Shopify Sidekick works reliably for creating flows. For all other tested areas such as theme customizations, data maintenance, and KPI analyses, it is too unreliable for productive use.
AI is making its way into more and more areas of everyday Shopify life. With Sidekick, Shopify is actively pushing this forward: the assistant integrated directly into the Admin is designed to speed up everyday tasks, from flow creation to theme customizations and data analysis.
For us at tante-e, the question was clear from the start: What can Sidekick really do, and where does it create more effort than it saves? We tested it in six typical use cases. The results are clear.
E-commerce specialist Lara supports numerous e-commerce brands with their shops and, as part of the tante-e AI Research Team, regularly tests new AI features around Shopify.
1. What is Shopify Sidekick?
Shopify Sidekick is an AI assistant integrated directly into the Shopify Admin. It is designed to understand user queries and access the data of the respective shop to provide context-related answers and actions.
With Sidekick, merchants should be able to complete tasks without having to click through menus.
It is thus aimed at both inexperienced merchants and experienced teams who want to accelerate routine tasks.

2. How we tested Shopify Sidekick: 6 Use Cases
We tested Shopify Sidekick over several weeks in six specific use cases: general Shopify questions, B2B customer creation, data maintenance, KPI analysis, flow creation, and Theme Editor adjustments.
The tests were conducted on real shop setups, including shops with custom functions, complex product structures, and individual metafield configurations. Each use case was evaluated based on three criteria:
- Time savings: Does Sidekick noticeably reduce the actual effort?
- Quality: Are the outputs correct and directly usable?
- Reliability: Does Sidekick deliver consistent results across various requests?

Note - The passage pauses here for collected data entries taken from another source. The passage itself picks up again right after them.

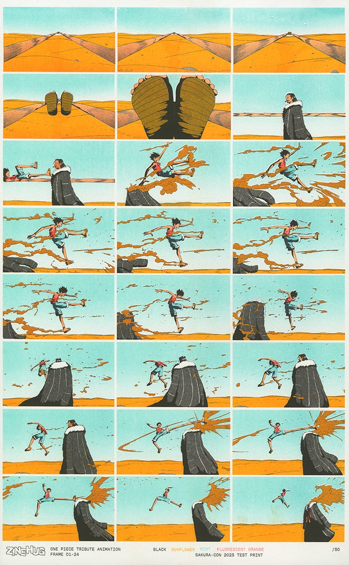 On that note, we’re planning to celebrate 10 years of Zine Hug with some special releases later in the Fall. Until then, come check us out at a show (gearing up for SABF this weekend!) or join us for the One Piece Animation livestream!
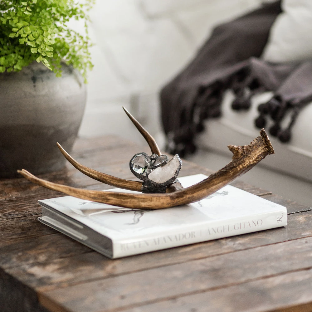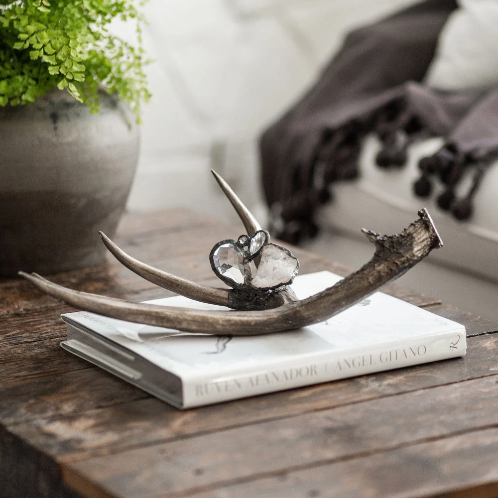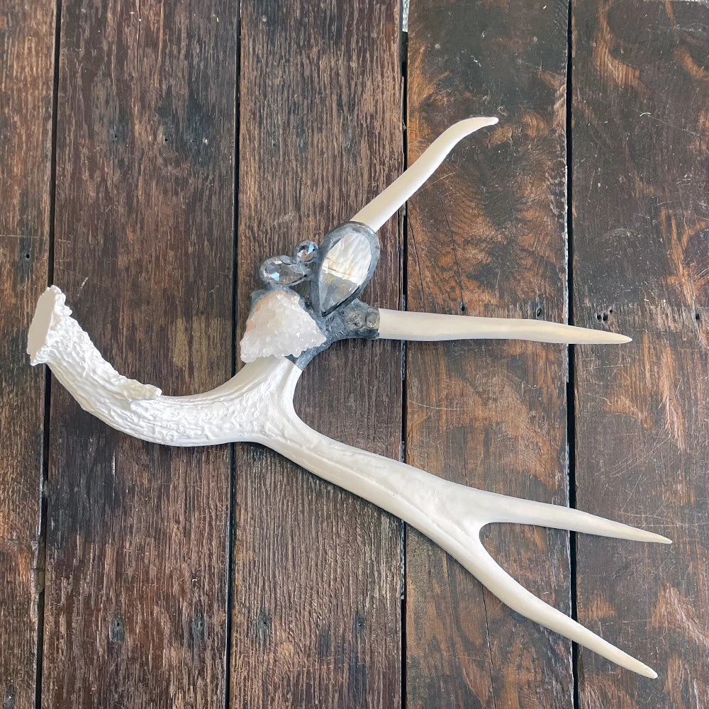 Brimming with beauty these high-end resin antlers are hand embellished with crystals, geodes and or stones. They come in 5 colors options and are sure to add uniqueness and charm anywhere you place them.
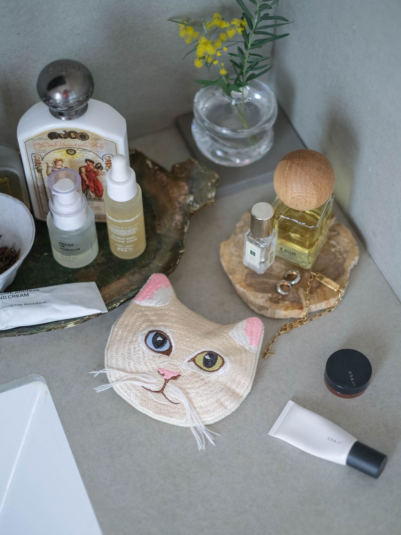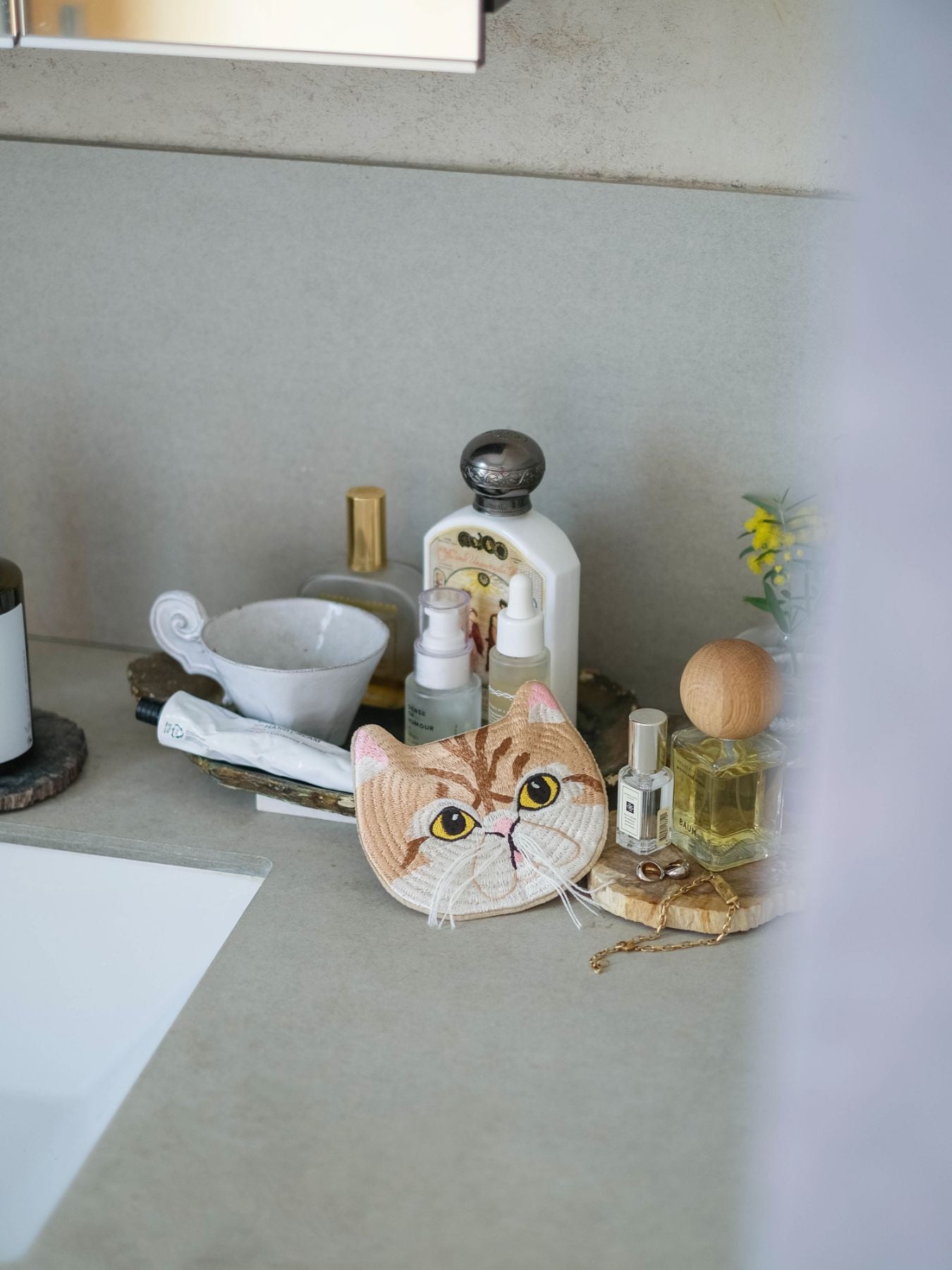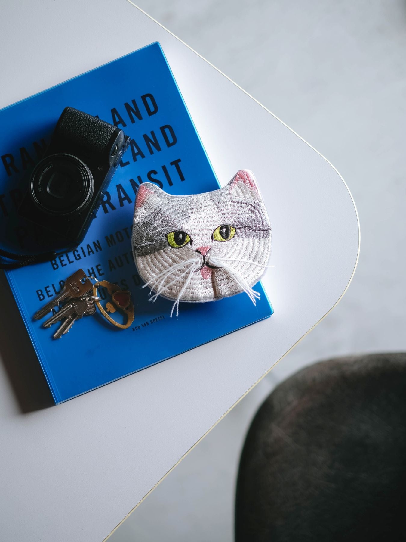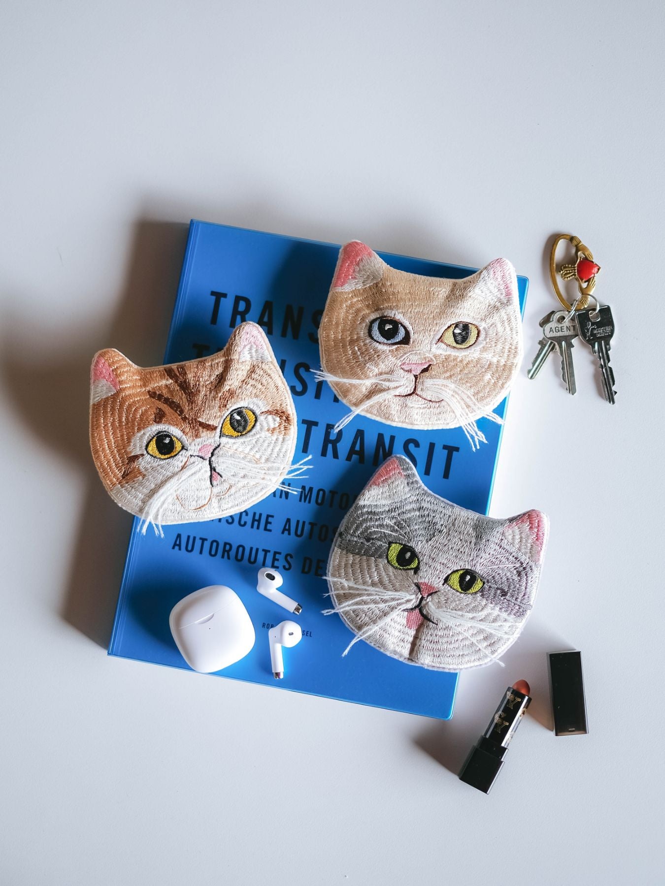 小菅さんの猫を、機械刺繍でていねいに再現。手刺繍の温かみをどこかに感じながらも、毎日気軽に使えるポーチになりました。ここでしか手に入らない遊び心あふれる3匹を、ぜひおでかけに連れ出してくださいね。
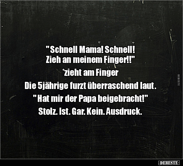 " Schnell Mama! Schnell! Zieh an meinem Finger!!" *zieht am Finger Die 5jährige furzt überraschend laut. " Hat mir der Papa beigebracht!" Stolz. Ist. Gar. Kein. Ausdruck.
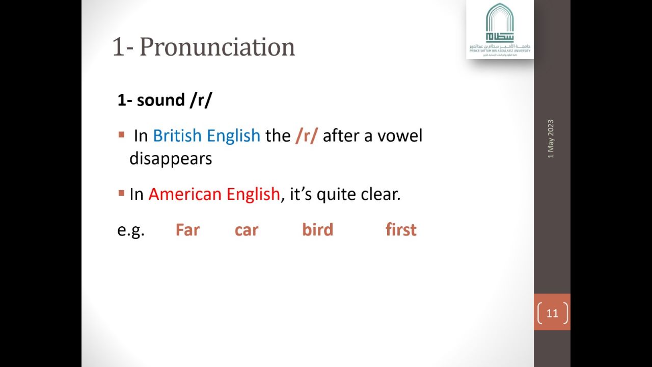وذلك يوم الإثنين 1/5/2023م الساعة 6:30 مساءً . قدمتها الدكتورة / بسنت مصطفى الأستاذة بقسم اللغة الإنجليزية ، حيث هدفت الدورة إلى تعريف المتدربات القدرة على التمييزبين الأمريكية والبريطانية فيما يتعلق بالنطق والكتابة والقواعد والمفردات .
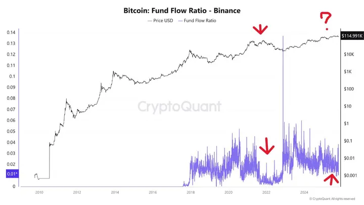 Bitcoin staat op $114.198. De uitbraak boven $115.000 voelt voor TedPillows als een “liquiditeitsgreep” zonder institutionele steun, nieuw kapitaal of retail-FOMO.

At the end of each use case, there is a rating on a scale of 1 to 10.
Use Case 1: General Shopify Questions
Shopify Sidekick is useful as an initial guide for standard Shopify questions, but only if sufficient prior knowledge is available to recognize misinformation.
What works:
- Navigation to native settings: Questions like "Where do I find the tax settings for my shop? Can you help me create a new tax class for my products?" or "How do I set up Shopify Markets?" are answered reliably by Sidekick. As a guide for merchants who are not yet well acquainted with the Admin, it is helpful here.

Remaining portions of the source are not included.